* **What you should do**
An acceptable answer repeats exactly the line containing "Month End Close Checklist Excel Template" and all lines that follow it in the listing below, and it includes no pictures.

* **Raw data**
────────────────────
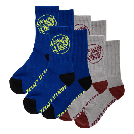 Santa Cruz Opus Strip Crew 4 Pack Grey/Royal 2-5.5 Youth Socks
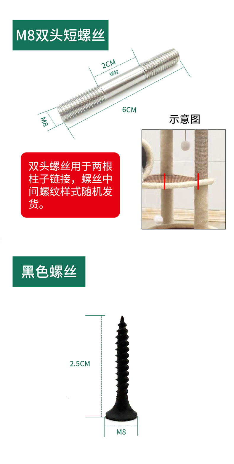 DIY 자체 제작 고양이 등반 프레임 하드웨어 액세서리 고양이 발톱 칼럼 나사 렌치 육각형 소켓 나사 연장 커넥터
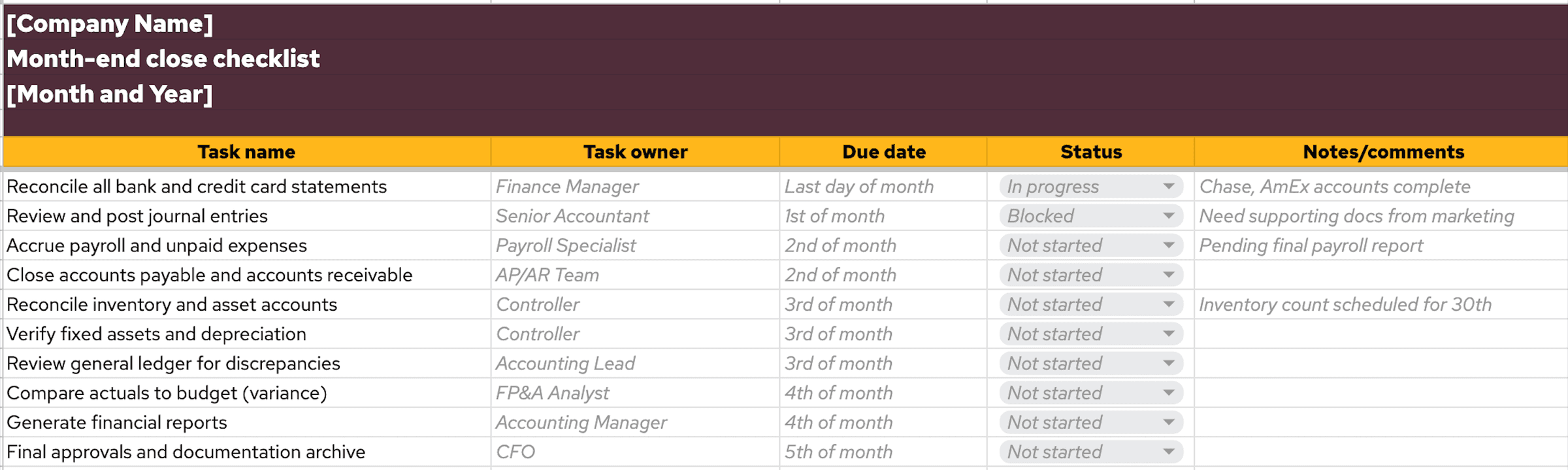 Month End Close Checklist Excel Template
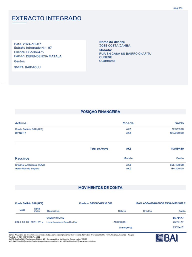Crédito BAI Salario (AKZ) Conta n. 083686473.71.002
────────────────────
* **Answer section**
 Month End Close Checklist Excel Template
Crédito BAI Salario (AKZ) Conta n. 083686473.71.002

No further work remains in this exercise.